Asus ProArt Cinema PQ07 135

By Monica Chin, a senior reviewer covering laptops and other gadgets. Monica

By Monica Chin, a senior reviewer covering laptops and other gadgets. Monica was a writer for Tom's Guide and Business Insider before joining The Verge in 2020.

So, look. I understand that Apple just put out some fancy ski goggles, and now everybody and their mother is proclaiming the end of the physical screen as we know it. But like that one guy at the back of your college seminar, I would like to offer a quick counterpoint. It's called MicroLED. Specifically, I would like to discuss the Asus ProArt Cinema PQ07, a gadget that I spent far too long staring at in Asus’ show floor booth at Computex 2023.

What is the ProArt Cinema PQ07, you may ask? Thank you for asking. It's a 135-inch MicroLED display. MicroLED is not to be confused with Mini LED — wherein LEDs are arranged into local dimming zones — which is very common on modern televisions. MicroLEDs, by contrast, try to beat OLED at its own game. They are microscopic in size, and each pixel is formed from a cluster of them. The result is a panel with significantly better brightness and contrast than you see from even the fanciest OLED screens today. (There's also, crucially, less risk of burn-in.)

This is a technology Samsung has shown off before in a sort of show-off-y capacity (remember that gigantic Wall thing?), and both Samsung and Sony have released a few luxury MicroLED displays that are God knows how expensive. Apple has said it plans to build MicroLED into its Apple Watch watchfaces, but that's still a few years out. Outside of those cases, the technology has seen pretty limited rollout. The PQ07 is the first MicroLED display that Asus has attempted, and this was my first time seeing it in person.

The best way I can describe this technology is that it makes the surrounding area look insufferably dull.

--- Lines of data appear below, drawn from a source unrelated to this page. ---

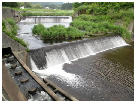
写真 69 No.54 地点 巴川最上流 三河湖上流、菅沼川合流点下 (上流方向)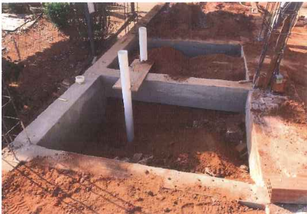
Foto 11 – impermeabilização de baldrame e vigas – data: 15/09/2021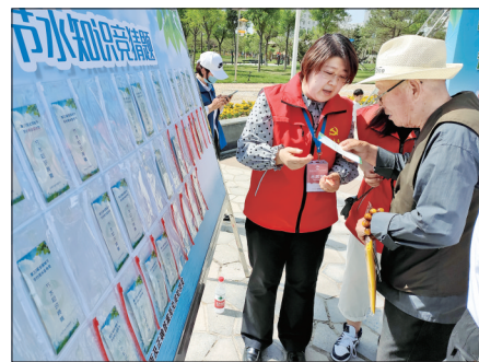
▲ 市民参与节水知识竞猜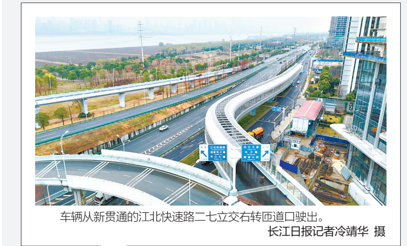
车辆从新贯通的江北快速路二七立交右转匝道驶出。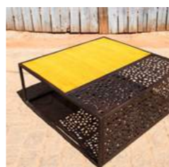
O L 100 x P 100 x H 40 L 120 x P 120 x H 40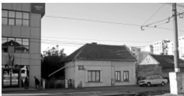
Grădinița P. N. nr. 18 Arad

When I first walked past the demo unit on the show floor, it was displaying a picture of a grassy field at night with a tree in the middle and a sharp multicolor sky. The colors are bright, deep, and vibrant, in a way that these meager photos I took here couldn't even hope to do justice. The blacks were intense, and the reds and yellows seemed to pop out of the screen.

From there, I watched it display a number of different dynamic outdoor scenes, and there were no discernible pixels. I could not tear my eyes away. When I did, the Computex show floor just looked sad. And it's making me hope that, by some miracle, we see MicroLED become more accessible and more widely available in the coming years. Because playing games on this thing would be next level. It makes reality look better than it actually is. And if gaming is an escape, MicroLED could be the ultimate tool.

In terms of boring specs, the PQ07 is a 4K HDR panel. It has 0.7815 pixel pitch, 2,000 nits of peak brightness, and a 1,000,000:1 contrast ratio, and it covers 95 percent of the DCI-P3 color gamut. It looks and seems like it should be a television, but it does not have TV functionality, as far as I know, so I guess it's technically a display.

What would you actually use this for? Eh, I’m sure there are things. Like, Asus listed some stuff when I asked at the booth. Virtual production, broadcasting, flight simulator, livestreaming, conference, public signage, and home cinema is what I have written down. You know, all that stuff I need to do in my house all the time.

Asus has not announced pricing yet, of course. Maybe it’ll be $14. Then, I’ll be able to buy one for each wall of my living room. Fingers crossed.